I went to lock the door, then went back to Cassie, pausing briefly to locate the remote for the flat screen my parents had installed years ago. After turning it on and lowering the volume, I looked at Cassie’s body, now illuminated by the light from the TV. She’d already stripped. I grabbed a sheet from the laundry basket, and she helped me spread it on the sofa.
My entire body vibrated with need. I couldn’t figure out what I wanted to do first. Cassie helped me undress. Then the two of us stood there as our fingers moved up and down, caressing, exploring, touching, enjoying the feel of each other.
We held each other close. Cassie pressed her lips to my neck and began slowly licking and sucking, pushing me to an even higher level of excitement. Had I mentioned to her that my neck was an erogenous zone? That any kind of stimulation in that area was a direct line to my pussy? I doubted it—I was barely capable of speech.
Cassie was in no hurry, and truthfully she was making me feel so good that at that moment I was all for taking it slow. This was a first for me, and I wanted to take it slow, to savor every sensation, from the feel of her lips on my neck to the aching throb deep in my pussy. My fingers were tangled in her thick hair, holding her to me while her lips and tongue moved to the other side of my neck. Her mouthwork grew more passionate, and I knew she was going to mark me, but it felt so good that I couldn’t stop her.
I ground my hips slowly against Cassie’s, moaning as she worked my skin with her teeth. My legs felt rubbery, and I was certain that the only thing keeping me on my feet was the fact that she held me in her arms. Finally she moved her mouth from my neck to my lips. As her tongue slid in my mouth, the slow grinding began again, in earnest this time. I filled my hands with her firm ass and pulled her tighter against me, needing that added pressure.
“Let’s move to the sofa,” Cassie said. I didn’t have to be asked twice.
“I’ve never done anything like this,” I said. “Have you?”
“I’ve fantasized,” she said. “You’ve been in all of them.”
We let our instincts take over and ended up on the sofa, head to pussy. It was the perfect way for us to start. I loved being on top of Cassie with my face buried between her legs, and I loved the feel of Cassie lapping up my cream. We explored each other thoroughly, with fingers and lips, and learned what the other liked. We figured out each other’s hot spots and what it took to make the other come.

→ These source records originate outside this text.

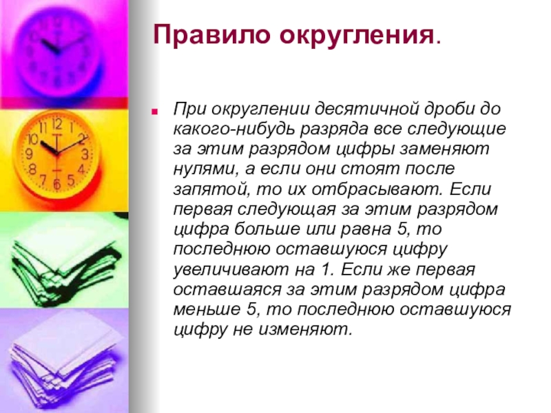 этим разрядом цифры заменяют нулями, а если они стоят после запятой, то их отбрасывают. Если первая следующая за этим разрядом цифра больше или равна 5, то последнюю оставшуюся цифру увеличивают на 1. Если же первая оставшаяся за этим разрядом цифра меньше 5, то последнюю оставшуюся цифру не изменяют.
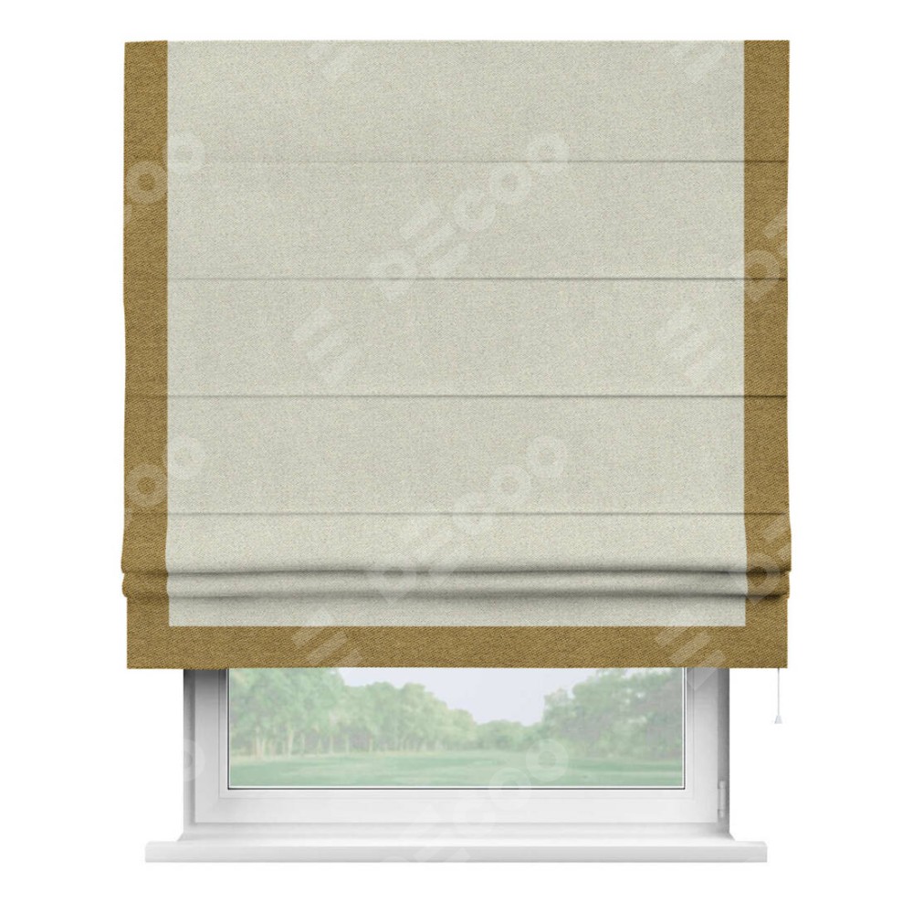 Римская штора с отделкой кантом «Виктория», пошита из ткани твид блэкаут шампань, артикул: 90929. представляет собой элегантное решение для оконного оформления. Кант по бокам и снизу шторы добавляет изысканности и аккуратности внешнему виду, подчеркивая линии и форму шторы. Этот элемент декора не только украшает, но и выполняет практическую функцию, защищая края ткани от износа. Кант может быть выполнен в контрастном или гармонирующем цвете, что позволяет добиться различных стилевых эффектов и легко вписать штору в интерьер комнаты.
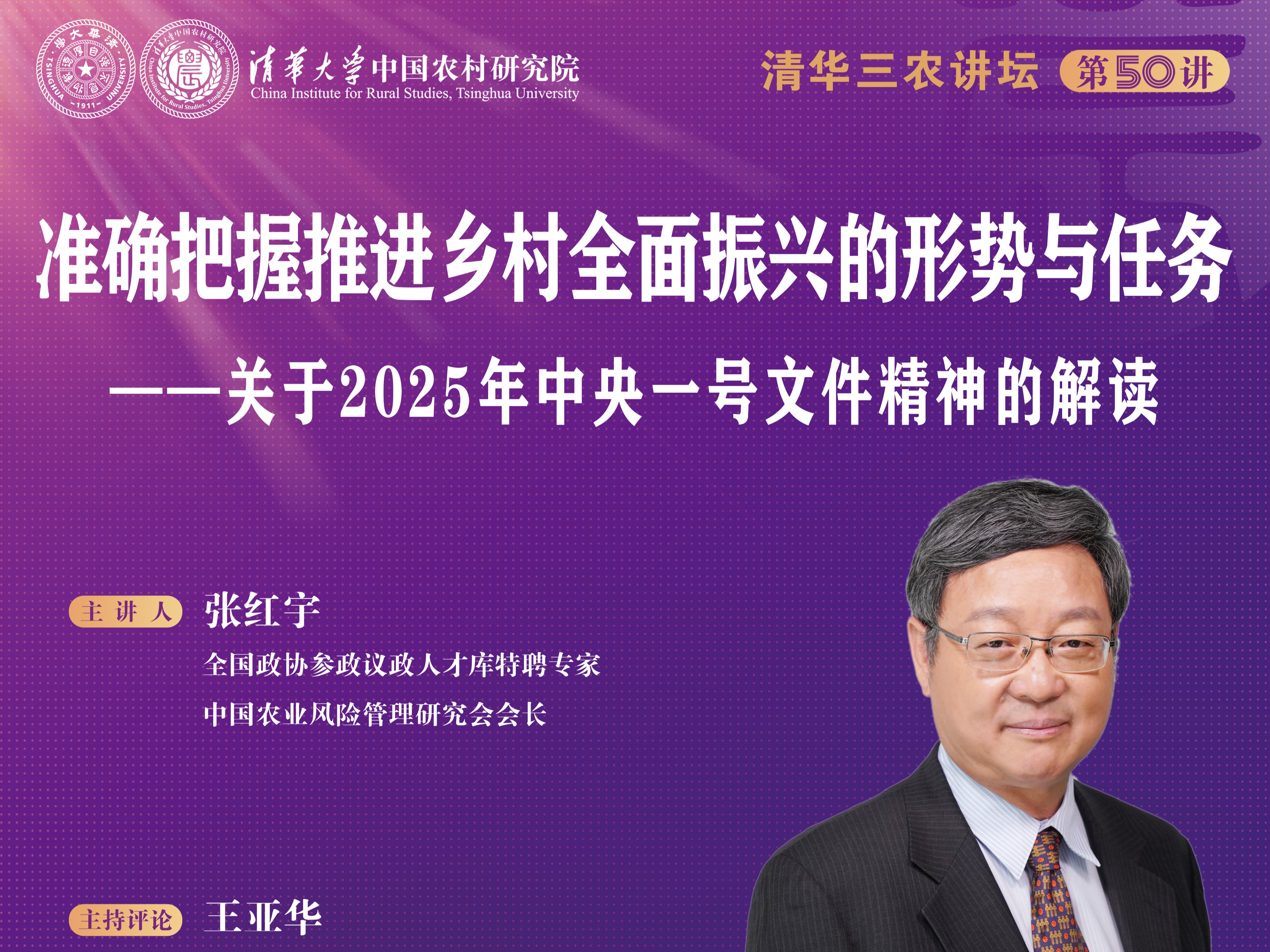“清华三农讲坛”第五十讲:准确把握推进乡村全面振兴的形势与任务——关于2025年中央一号文件精神的解读(2025年2月26日 星期三 19:00)
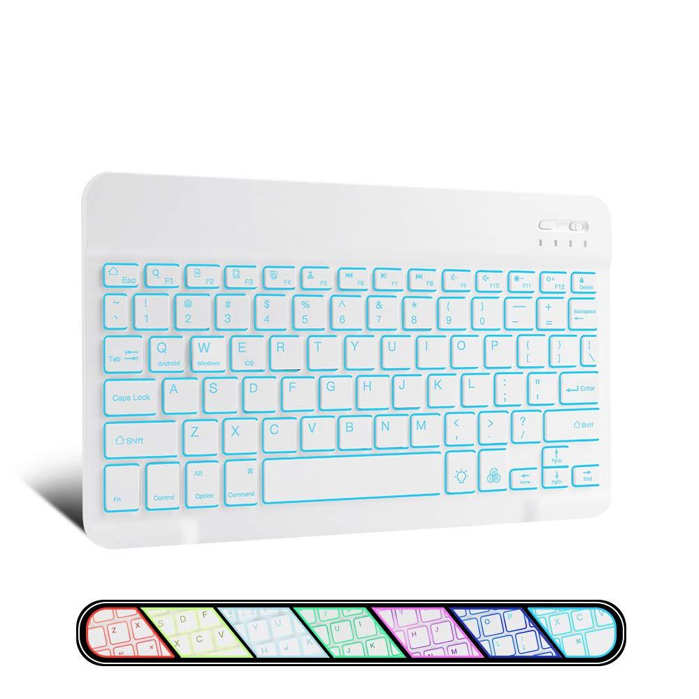 XIWMIX Ultra-Slim Wireless Bluetooth Keyboard - 7 Colors Backlit Universal Rechargeable Keyboard Compatible with iPad Pro/iPad Air/iPad 9.7/iPad 10.2/iPad Mini and Other iOS Android Windows Devices 1-white backlit

By the time we finished my face was covered with Cassie’s juices. When we turned around, face-to-face, we kissed deeply. Then we moved around, and she let her leg slide over one of mine. I got what she was trying to do, and we pulled ourselves together until our pussies touched. Then we held tight and pushed against each other.
We started grinding and humping, harder and faster. Each time we pushed together, she groaned. The pressure had been building steadily. Suddenly I was so overwhelmed that I couldn’t even tell Cassie I was coming. My whole body stiffened as I strained against her and rode to a climax that took over my senses. Then she cried out, and we held each other through our mutual climax.
As we slowly relaxed, we fell against the sofa, panting. If the expression on Cassie’s face was any indication of mine, we were both amazed at what we’d just experienced.
I stroked Cassie’s leg, and for the first time since I moved away, I was glad I had come home.